STREME multiple threads/reducing run time

Corbin Machatzke

unread,

May 15, 2023, 10:55:58 AM5/15/23

to MEME Suite Q&A

Hello,

I am doing analysis on a set of Illumina sequencing data. I have 3 fasta files, 2 containing samples with (hopefully) enriched motifs compared to a non biased sequencing set (file number 3). All files only have sequences exactly 30 nt long and contain 0.4, 1.5 and 0.9 M sequences.

I planned on doing motif disocvery using STREME looking something like this:

streme --p inputfile1 --o somefolder --n referencefile --maxw 30

The computation takes over 50 hours with an i7-7700k and 32 gb of RAM (after about 50 hours the workstation crashed due to sth unrelated). Is there a way to increase the speed of STREME? I read on the manual page for STREME it only uses 1 thread, but can not find an option to add more threads.

Thank you for your help

Corbin

cegrant

unread,

May 15, 2023, 2:29:07 PM5/15/23

to MEME Suite Q&A

Hi Corbin,

MEME is the only tool in the MEME Suite that does parallel processing.

Something certainly seems amiss in how long STREME is taking to analyze your data set. That should only take a couple of minutes given the size of the sequence database you are using.

Can you forward us copies of the input files? That would help us troubleshoot the problem. You should be able to attach files to a reply using the paper clip icon in the tool bar.
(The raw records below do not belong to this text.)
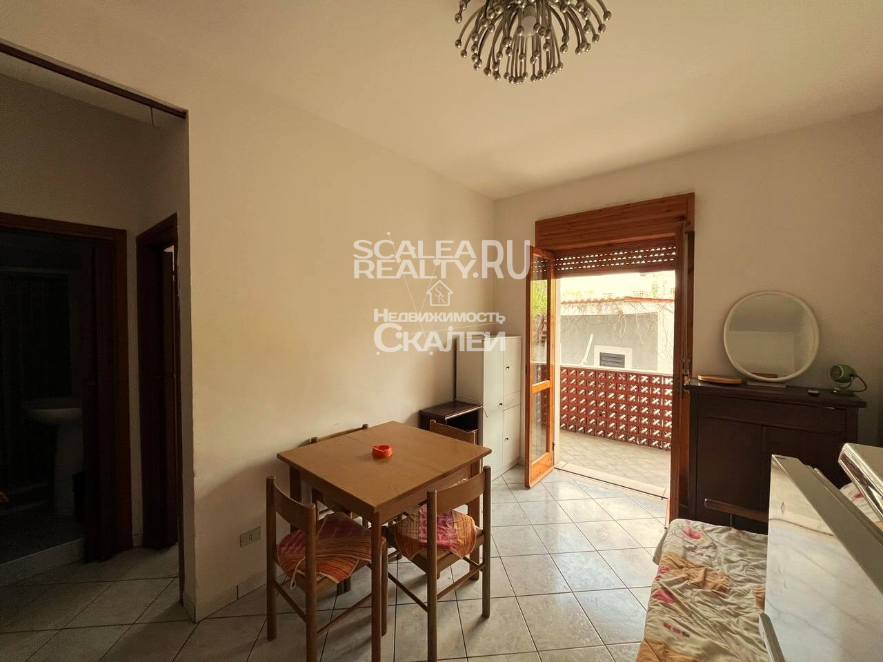 Предлагаем в самом популярном морском городе Италии, Скалея, на улице Т. Кампанелла, квартиру на первом этаже с балконом. Квартира с капитальным ремонтом. Пол и ванная комната отделаны. Третья береговая линия, ухоженный парк Скалея-2000. Огромная закрытая территория, шикарные фасады и чистые подъезды. Дом с лифтом. Квартира для ленивых. Низкий этаж. Всего в 200 метрах продуктовый магазин и в 15 минутах ходьбы пляж. Парковочное место прямо возле дома. Планировка следующая: небольшая гостиная с кухней и выходом на балкон, площадью около 6 кв. м, спальня, новый санузел. Жилая площадь около 30 кв. метров + 6 кв. метров балкон. Заезжай и живи.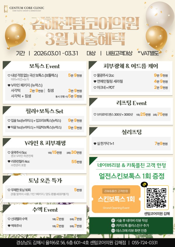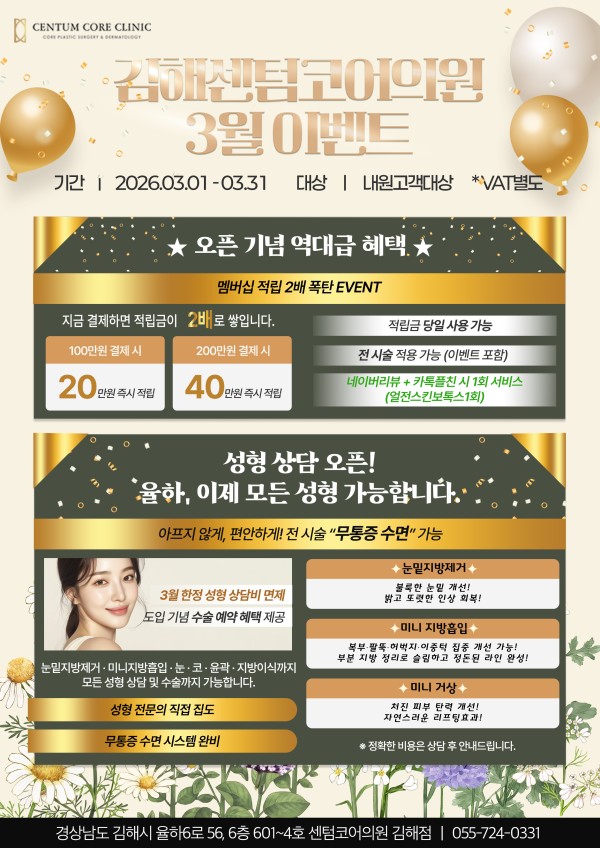 페이지 정보 작성자 최고관리자 댓글 0건 조회 394회 작성일 26-02-25 17:59 목록 본문 진행중 센텀코어의원 김해점 3월 이벤트 안내 2026-03-01 ~ 2026-03-31 센텀코어의원 김해점 3월 이벤트 안내 센텀코어의원 김해점 3월 이벤트 안내 이벤트 신청하기 이벤트 신청하기 이전글에버클V 런칭 이벤트 안내 26.02.25 댓글 0 댓글목록 등록된 댓글이 없습니다.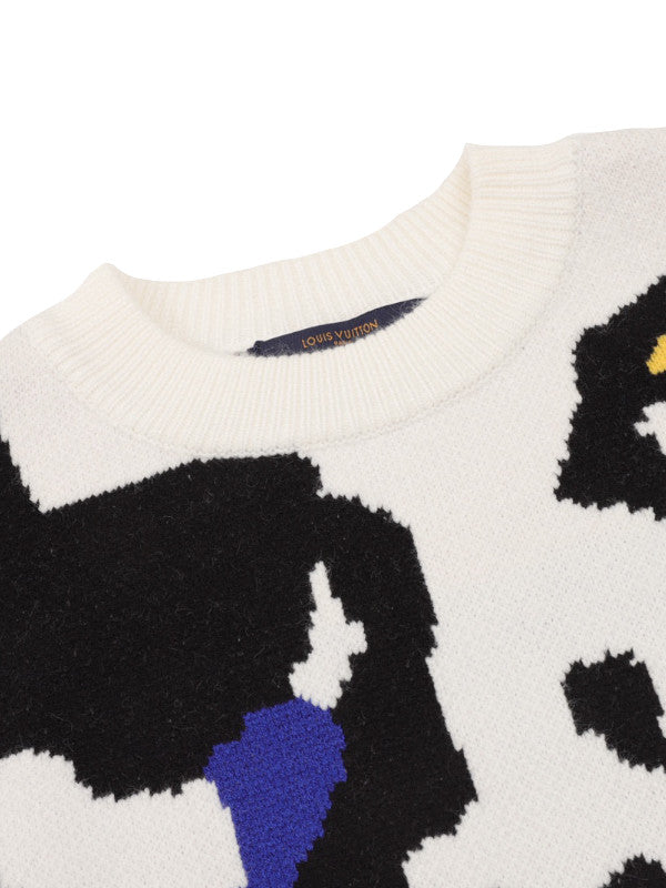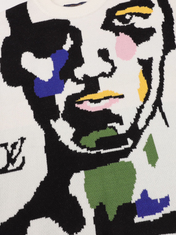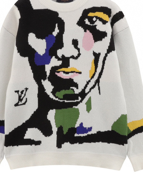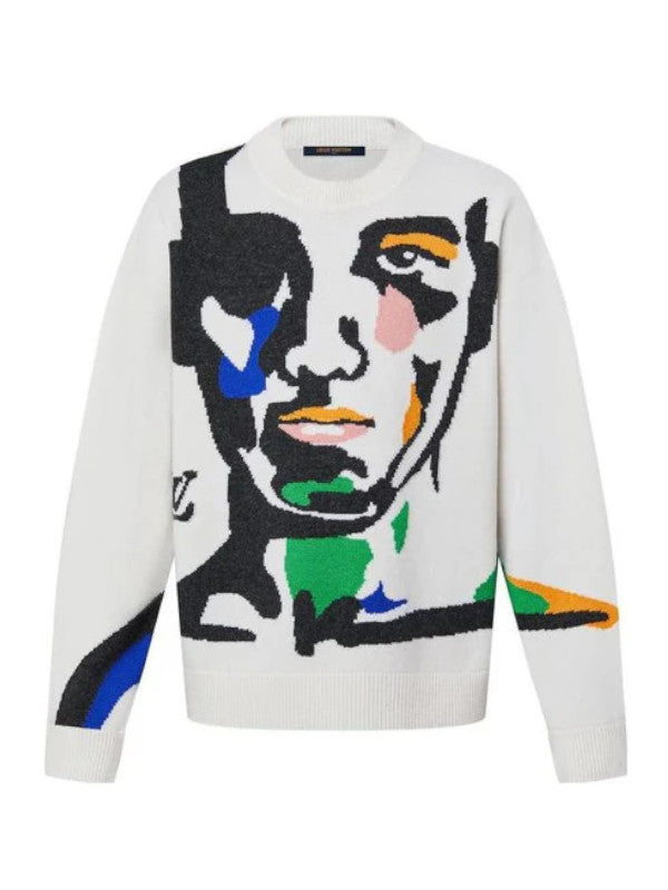 Introducing the Louis Vuitton Artistic Graphic Sweater, a bold and modern piece that redefines luxury streetwear. Crafted from premium wool, this standout sweater features a striking abstract face design in vibrant colors, showcasing Louis Vuitton's unique artistic flair. The intricate jacquard pattern adds a textured element, bringing the artwork to life.

If that fails try mailing them to meme-...@uw.edu

Corbin Machatzke

unread,

May 16, 2023, 9:13:14 AM5/16/23

to MEME Suite Q&A

Hello,

So I can only attach images in this forum, instead I uploaded the files on sciebo: https://tu-dortmund.sciebo.de/s/m45QOFI2DOtjBMY

There are 3 files, two files I wanted to use as input each (running STREME for each once) and a reference file for the --n option.

Thank you for your help!

Corbin

tlawb...@gmail.com

unread,

Jun 14, 2023, 4:42:53 PM6/14/23

to MEME Suite Q&A

Corbin,

Sorry that STREME is taking a very long time on your inputs.

I'm afraid that with over 72Mb of sequence, STREME will

take a very long time.

I tested your 72Mb input (46Mb positive seqs + 26Mb control seqs)

on my iMac (i7 4Ghz Quad-core, 16Gb RAM) and

it took 115 hours to find the first motif. This is not out of

line with the timing results given at the bottom at the bottom

of the manual page for STREME: https://meme-suite.org/meme/doc/streme.html

In cases like yours, the best approach is to subsample the input sequence

datasets to make them smaller. If you have the MEME Suite installed

on your computer (from source, MacPorts or Docker) you can use

the fasta-subsample utility for that purpose: https://meme-suite.org/meme/doc/fasta-subsample.html

In the future, we hope to make STREME multi-threaded, which will make it run faster.

But it scales faster than linearly with the size of the input sets, as you can

see from the timing results mentioned above. So there will always

be a practical limit to how big an input it can handle in a reasonable amount of time.